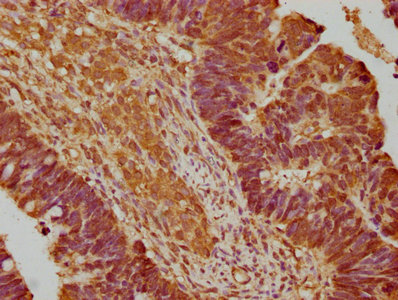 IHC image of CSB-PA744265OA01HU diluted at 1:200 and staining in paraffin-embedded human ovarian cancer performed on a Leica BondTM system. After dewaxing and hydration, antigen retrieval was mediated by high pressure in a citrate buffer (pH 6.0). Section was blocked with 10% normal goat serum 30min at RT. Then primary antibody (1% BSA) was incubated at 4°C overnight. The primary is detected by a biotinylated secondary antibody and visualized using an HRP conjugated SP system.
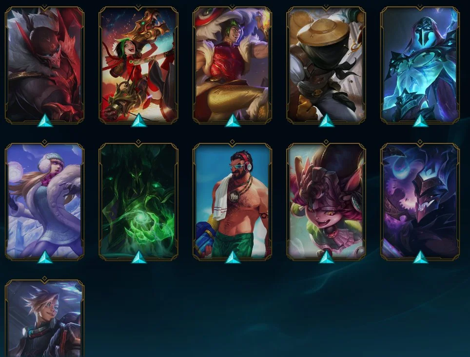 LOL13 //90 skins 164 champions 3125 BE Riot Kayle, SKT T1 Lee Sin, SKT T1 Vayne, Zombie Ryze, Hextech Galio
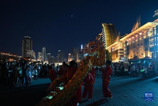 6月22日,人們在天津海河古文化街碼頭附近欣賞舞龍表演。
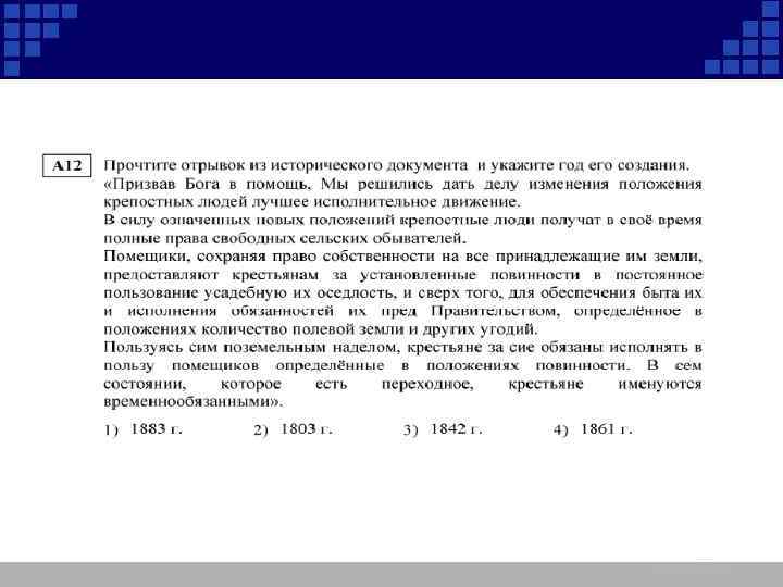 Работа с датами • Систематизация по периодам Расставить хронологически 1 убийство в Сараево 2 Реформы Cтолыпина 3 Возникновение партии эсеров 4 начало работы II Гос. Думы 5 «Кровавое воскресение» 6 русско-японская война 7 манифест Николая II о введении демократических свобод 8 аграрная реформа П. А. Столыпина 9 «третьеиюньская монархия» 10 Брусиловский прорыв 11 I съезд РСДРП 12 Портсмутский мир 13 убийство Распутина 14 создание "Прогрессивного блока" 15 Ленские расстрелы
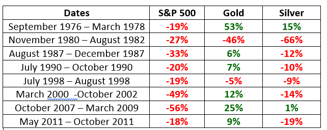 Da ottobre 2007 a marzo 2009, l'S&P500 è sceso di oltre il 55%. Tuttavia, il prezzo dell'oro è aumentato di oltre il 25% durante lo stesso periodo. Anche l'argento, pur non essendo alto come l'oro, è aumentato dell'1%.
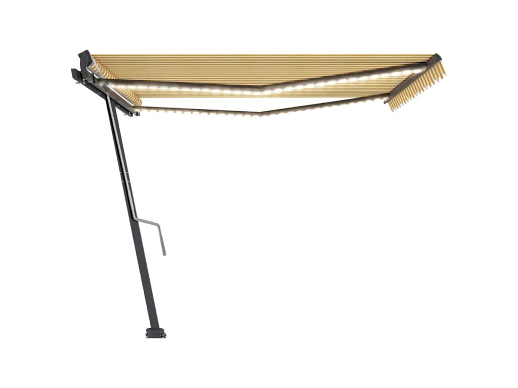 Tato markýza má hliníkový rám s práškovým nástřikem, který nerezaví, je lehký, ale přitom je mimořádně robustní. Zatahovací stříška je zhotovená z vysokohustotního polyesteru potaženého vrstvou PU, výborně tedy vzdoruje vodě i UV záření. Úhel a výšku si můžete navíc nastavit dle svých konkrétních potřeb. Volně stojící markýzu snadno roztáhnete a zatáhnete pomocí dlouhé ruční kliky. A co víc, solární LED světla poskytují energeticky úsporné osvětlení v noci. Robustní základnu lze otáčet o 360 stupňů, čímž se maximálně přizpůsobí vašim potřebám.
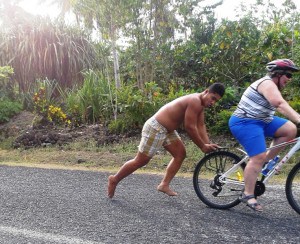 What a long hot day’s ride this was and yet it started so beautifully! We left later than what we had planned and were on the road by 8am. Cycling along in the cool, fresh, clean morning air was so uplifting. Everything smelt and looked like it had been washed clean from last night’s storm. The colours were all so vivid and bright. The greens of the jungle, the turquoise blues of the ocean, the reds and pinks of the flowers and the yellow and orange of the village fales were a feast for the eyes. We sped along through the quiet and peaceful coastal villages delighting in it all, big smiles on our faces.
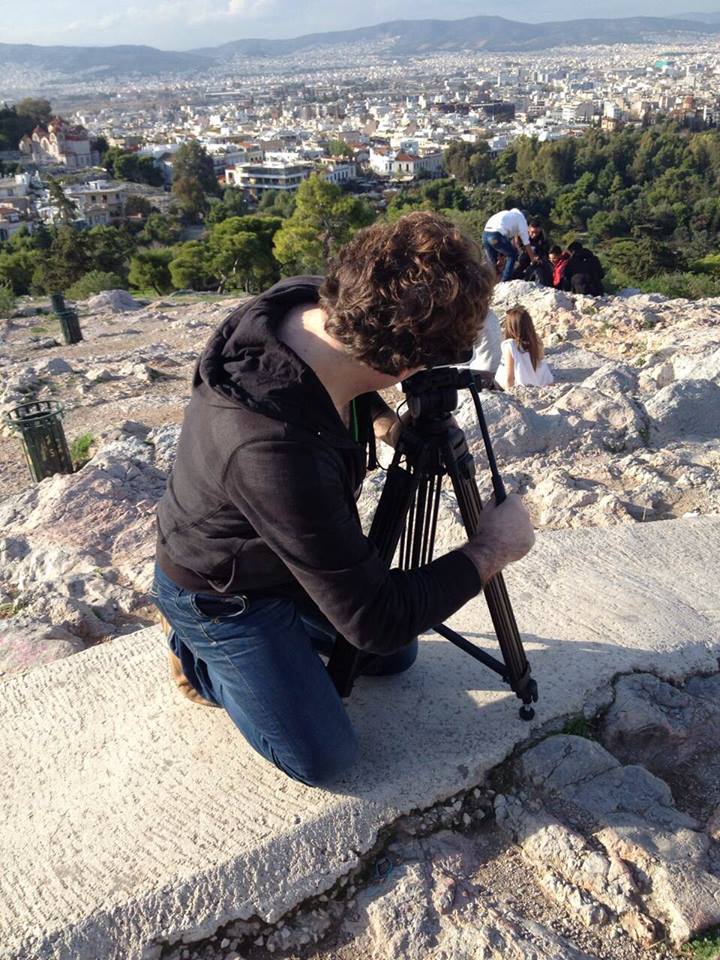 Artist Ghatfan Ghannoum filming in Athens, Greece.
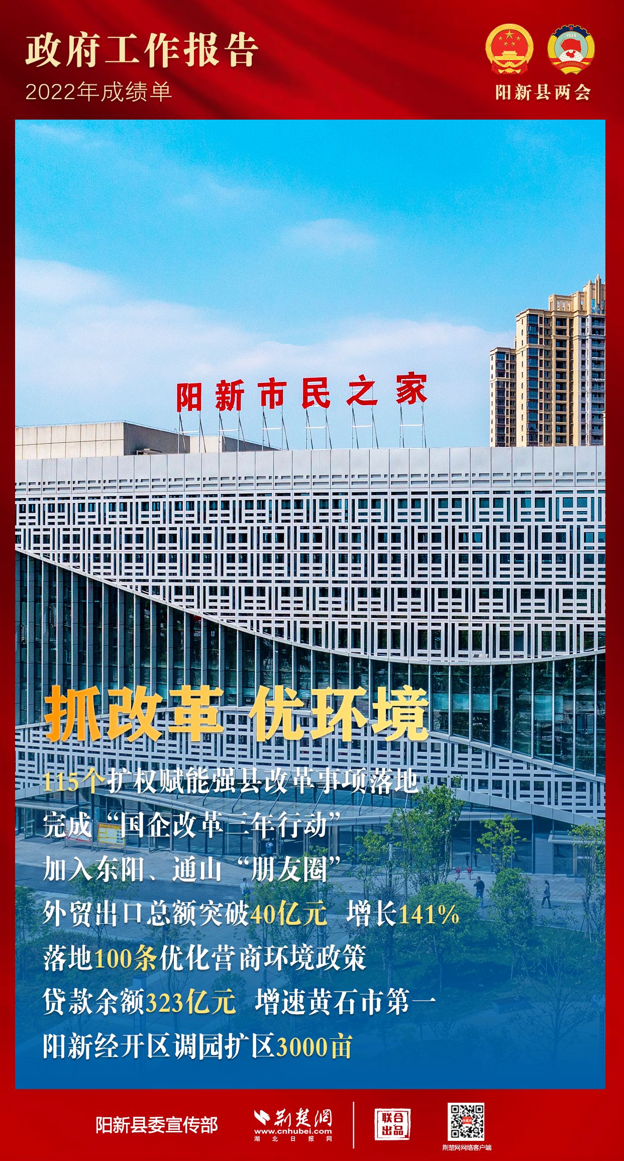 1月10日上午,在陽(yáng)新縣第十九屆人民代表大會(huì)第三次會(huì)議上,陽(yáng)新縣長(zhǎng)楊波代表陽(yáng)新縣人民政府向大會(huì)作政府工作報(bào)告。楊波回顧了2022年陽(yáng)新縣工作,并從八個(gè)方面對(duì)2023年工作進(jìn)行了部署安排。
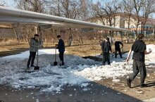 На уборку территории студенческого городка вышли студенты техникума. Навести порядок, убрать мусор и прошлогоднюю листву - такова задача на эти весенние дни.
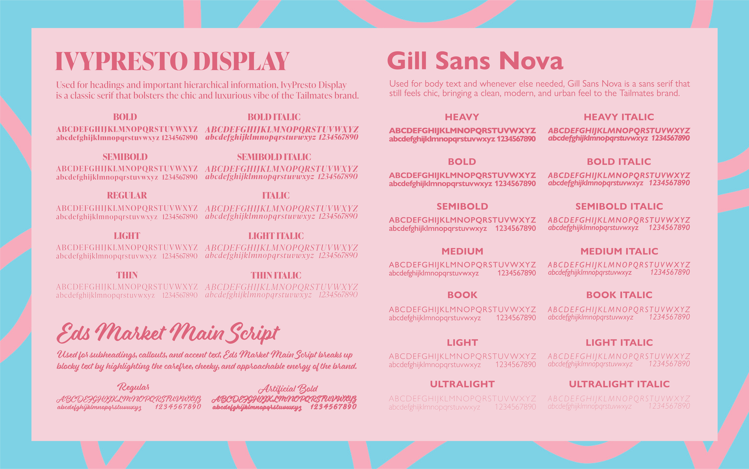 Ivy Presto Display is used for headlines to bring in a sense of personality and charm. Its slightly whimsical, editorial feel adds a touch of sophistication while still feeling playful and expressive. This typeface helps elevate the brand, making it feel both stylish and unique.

...

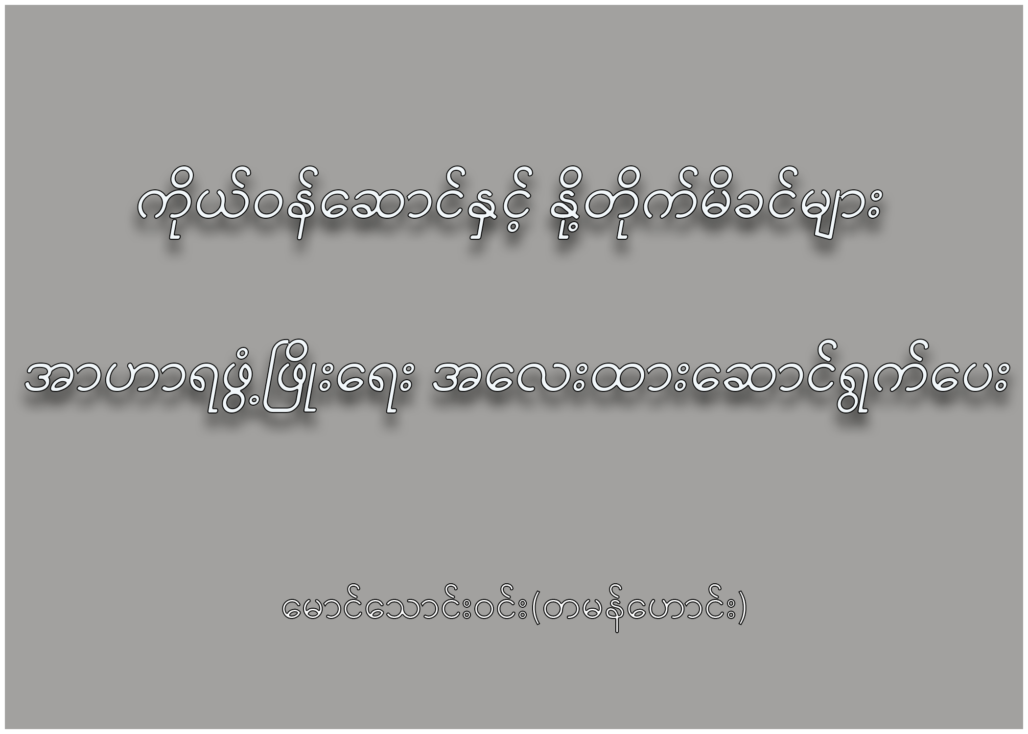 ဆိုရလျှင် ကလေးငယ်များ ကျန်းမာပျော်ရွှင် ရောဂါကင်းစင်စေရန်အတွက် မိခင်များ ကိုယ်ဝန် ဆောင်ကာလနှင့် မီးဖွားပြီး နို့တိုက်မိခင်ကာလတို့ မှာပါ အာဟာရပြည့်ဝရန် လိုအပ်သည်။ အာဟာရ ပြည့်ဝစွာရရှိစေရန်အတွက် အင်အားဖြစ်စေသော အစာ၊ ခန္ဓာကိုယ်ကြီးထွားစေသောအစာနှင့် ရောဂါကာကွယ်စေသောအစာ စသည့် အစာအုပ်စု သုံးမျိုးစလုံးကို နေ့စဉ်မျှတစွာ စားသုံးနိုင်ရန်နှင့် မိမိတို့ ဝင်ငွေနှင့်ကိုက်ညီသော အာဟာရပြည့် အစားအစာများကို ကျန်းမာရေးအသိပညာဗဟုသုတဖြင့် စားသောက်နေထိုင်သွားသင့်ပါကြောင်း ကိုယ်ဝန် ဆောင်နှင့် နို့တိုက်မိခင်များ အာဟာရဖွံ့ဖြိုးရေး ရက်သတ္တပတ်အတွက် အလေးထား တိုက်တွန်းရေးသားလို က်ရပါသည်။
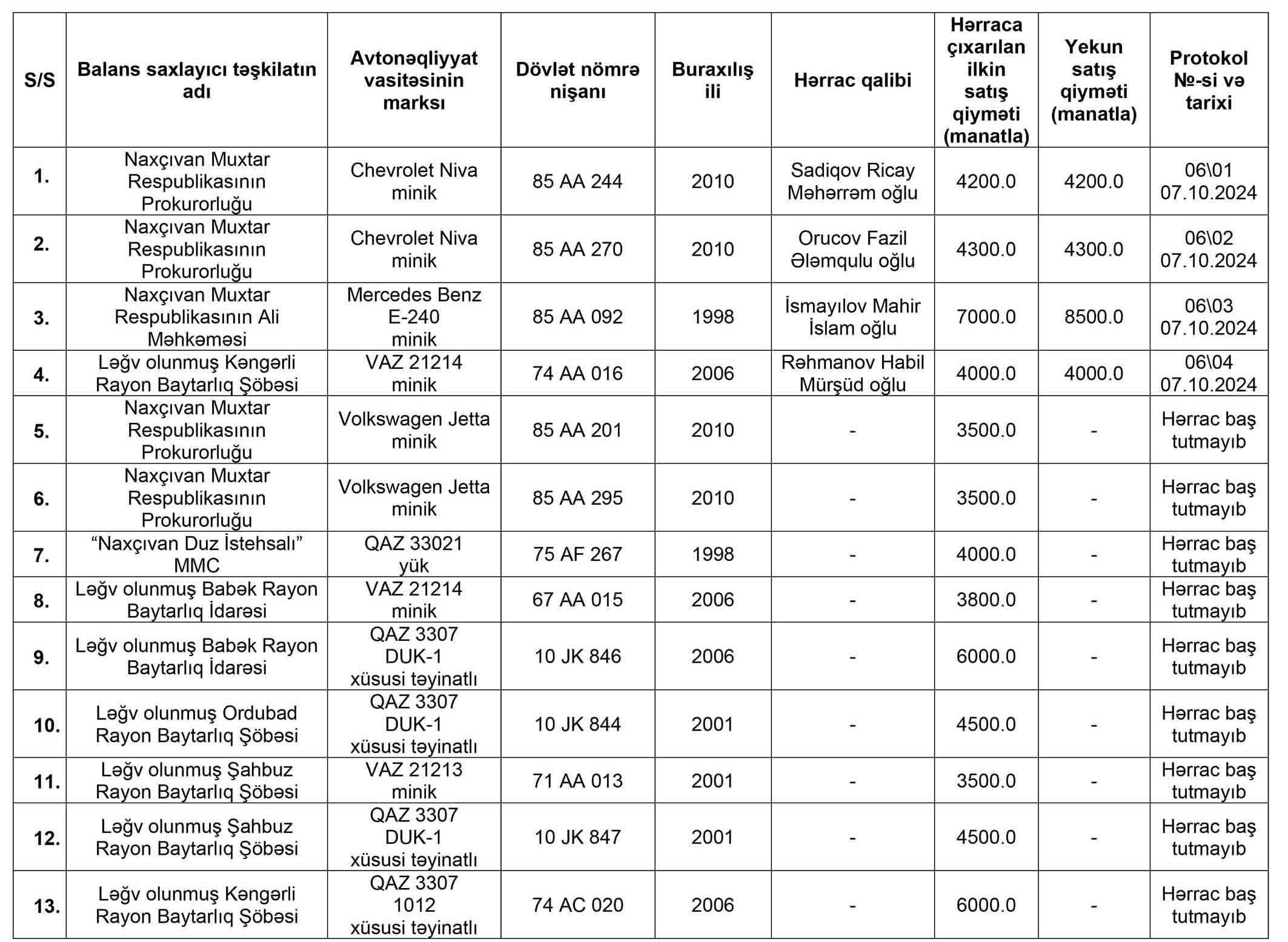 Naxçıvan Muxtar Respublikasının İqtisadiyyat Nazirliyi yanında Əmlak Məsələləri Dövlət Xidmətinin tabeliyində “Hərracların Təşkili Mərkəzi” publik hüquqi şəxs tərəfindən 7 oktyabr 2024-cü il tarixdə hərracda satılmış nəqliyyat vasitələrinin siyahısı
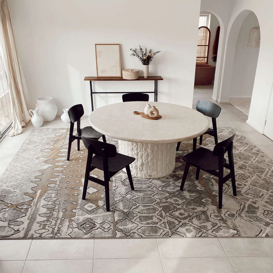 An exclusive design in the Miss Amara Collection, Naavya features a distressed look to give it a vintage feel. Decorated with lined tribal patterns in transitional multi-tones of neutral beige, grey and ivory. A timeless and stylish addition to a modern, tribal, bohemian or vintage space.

Problem description
Start with the line above containing "Работа с датами" and end with the line containing "Da ottobre 2007". Set down that stretch exactly, without any pictures.

Result
 Работа с датами • Систематизация по периодам Расставить хронологически 1 убийство в Сараево 2 Реформы Cтолыпина 3 Возникновение партии эсеров 4 начало работы II Гос. Думы 5 «Кровавое воскресение» 6 русско-японская война 7 манифест Николая II о введении демократических свобод 8 аграрная реформа П. А. Столыпина 9 «третьеиюньская монархия» 10 Брусиловский прорыв 11 I съезд РСДРП 12 Портсмутский мир 13 убийство Распутина 14 создание "Прогрессивного блока" 15 Ленские расстрелы
 Da ottobre 2007 a marzo 2009, l'S&P500 è sceso di oltre il 55%. Tuttavia, il prezzo dell'oro è aumentato di oltre il 25% durante lo stesso periodo. Anche l'argento, pur non essendo alto come l'oro, è aumentato dell'1%.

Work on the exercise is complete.